GithubHelp home page GithubHelp logo

ml's Introduction

PHBS_MLF_2018

Arianna MISERICORDIA 1802010234

Ewa GERUS 1802010260

Noam PELEG 1802010275

Lillah BENARD 1802010264

Prediction of Automotive Accident Severity

MOTIVATION:

The motivation behind our research is the understanding of specific conditions that affect the severity of an automotive accident. The purpose of this project is to highlight impactful variables while operating a vehicle in order to improve accident prevention.

GOAL:

We executed a classification based on U.K. road accidents ranging from 2014 to 2016 using the methodologies covered in class (Logistic Regression, Neural network, KNN, Decision tree). Our classification specifies the impact of certain features on car wreckage.

DATA SOURCE:

The data collected comes from the U.K. government who amassed traffic data based on police reports. The analysis of data executed here is composed of the U.K. road accidents from 2014 to 2016.

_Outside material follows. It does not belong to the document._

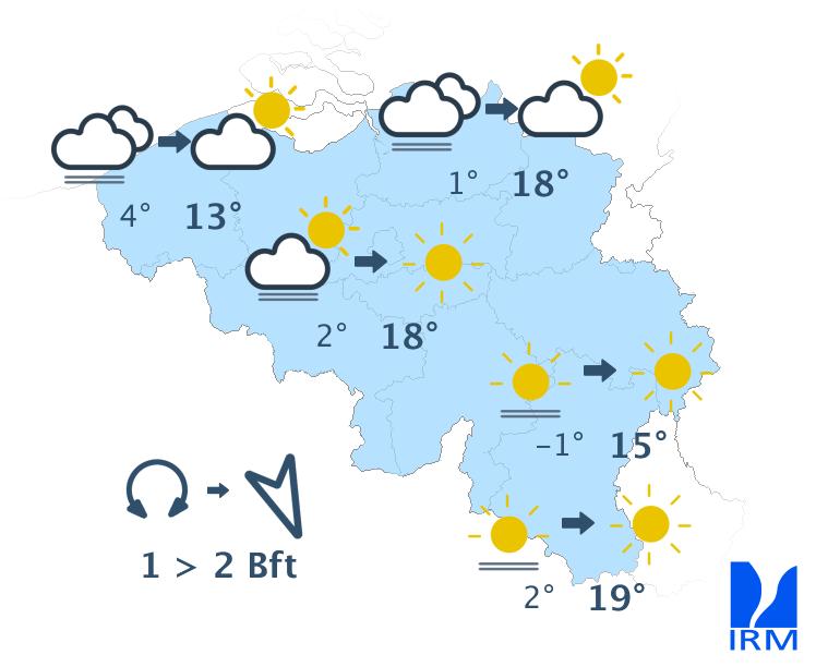 Mercredi, le temps sera ensoleillé avec des maxima de 12 ou 13 degrés en Hautes Fagnes à par endroits 18 degrés en Flandre. Le vent redeviendra rapidement modéré et à la mer modéré à parfois assez fort d'est à nord-est.
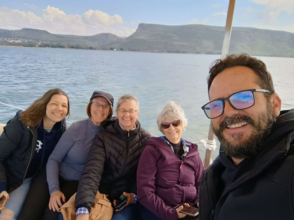 After the museum visit and a brief opportunity to shop in the souvenir store, the day’s first surprise was sprung! Up pulled a small boat I had arranged to take our guests out on the Sea upon which Jesus once walked! Thankfully, the storm had subsided just a short while earlier and it was a great experience with Captain David! (Look at those blue skies following the rain!)

Accidents are recorded according to these features:

  • Reference Number
  • Grid Ref: Easting
  • Grid Ref: Northing
  • Expr1
  • Severity
  • Day of the week
  • Time (24hr)
  • 1st Road Class
  • Road surface
  • Accident date
  • Weather condition
  • Lighting conditions
  • Number of vehicles
  • Casualty class
  • Sex of casualty
  • Age of casualty
  • Type of vehicle

DATASET SOURCE:

https://data.gov.uk/dataset/6efe5505-941f-45bf-b576-4c1e09b579a1/road-traffic-accidents

METHODOLOGY:

I. Data preprocessing:

data preprocessing

  • Merging datasets

  • Dropping columns containing references (Reference number, Grid Ref: Easting, Grid Ref: Northing) and correlated variables (Lighting conditions, Accident Date).

  • Dealing with missing data by deleting observations that are labeled with NaNs.

  • Listing variables:

    • Time (24hr): Day-time, Night-time
    • Weather conditions: Fine, Snowing, Raining, Fog, Other
    • Type of Vehicle: Car, Bus, Goods vehicles, Motorcycle, Other
    • Day: Weekday, Weekend
    • Casualty class: Passenger, Pedestrian, Driver
  • Creating dummies out of categorical variables and dropping variables containing the same information (Sex of casualty_Female, Day_Weekday, Time (24hr)_Day-time)

  • Resampling unbalanced data

    • Slight: 6739, Serious: 957, Fatal: 48

      • Undersampling from slight to serious
    • Slight: 957, Serious: 957, Fatal: 48

      • Oversampling from fatal to serious
    • Slight: 957, Serious: 957, Fatal: 957

II. Standardization and PCA:

  • Standardization

  • PCA

pca

We utilize the first 12 components as they make up approximately 90% of the variance.

III. Prediction:

Accuracy of each of the following methods were examined to choose the best classifier for reaching our goal. To implement the methods mentioned below, scikit-learn and Keras were used.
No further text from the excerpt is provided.